In many other countries of the world, reflection on the nature of existence is a luxury of life. The serious moments are given to action, while the pursuit of philosophy comes up as a parenthesis. In the West, even in the heyday of its youth, as in the times of Plato and Aristotle, it leaned for support on some other study as politics or ethics. . . In India, philosophy stood on its own legs, and all other studies looked to it for inspiration and support. 

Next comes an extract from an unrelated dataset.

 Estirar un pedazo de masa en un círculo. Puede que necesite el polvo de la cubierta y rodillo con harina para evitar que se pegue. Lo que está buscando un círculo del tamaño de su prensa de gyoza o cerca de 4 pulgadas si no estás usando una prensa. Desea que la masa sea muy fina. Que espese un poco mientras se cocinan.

“The destiny of a nation as of an individual,” S. Radhakrishnan writes, “depends upon the direction of its life forces, the light that guides it, and the laws that mold it.” A Western observer elaborates on this theme:  

But, beyond the political and scientific benefits that India has offered to man, and that she will undoubtedly continue to offer as her economy develops, there is something far more significant in the essential art of living, in the process of man’s understanding of himself; in the subtler realms of mind and spirit are to be found India’s greatest contribution. 

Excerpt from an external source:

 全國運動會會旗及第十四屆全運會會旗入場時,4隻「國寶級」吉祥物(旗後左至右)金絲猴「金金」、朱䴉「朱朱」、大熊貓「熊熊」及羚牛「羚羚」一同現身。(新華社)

The well-traveled Mark Twain (1835-1910) recognized that “India is the cradle of the human race, the birthplace of human speech, the mother of history, the grandmother of legend and the great-grandmother of tradition. Our most valuable and most instructive materials in the history of man are treasured up in India only.” 

THE INFALLIBILITY AND ANTIQUITY OF THE VEDAS 

Max Müller recognized “the larger and deeper meaning” of the Vedas as Sruti, revealed scriptures: 

The Veda is looked upon, from the earliest times of which we know anything in India, as superhuman; not as invented and composed, but only as seen by men, that is, by inspired seers, as eternal, as infallible, as divine in the highest sense. 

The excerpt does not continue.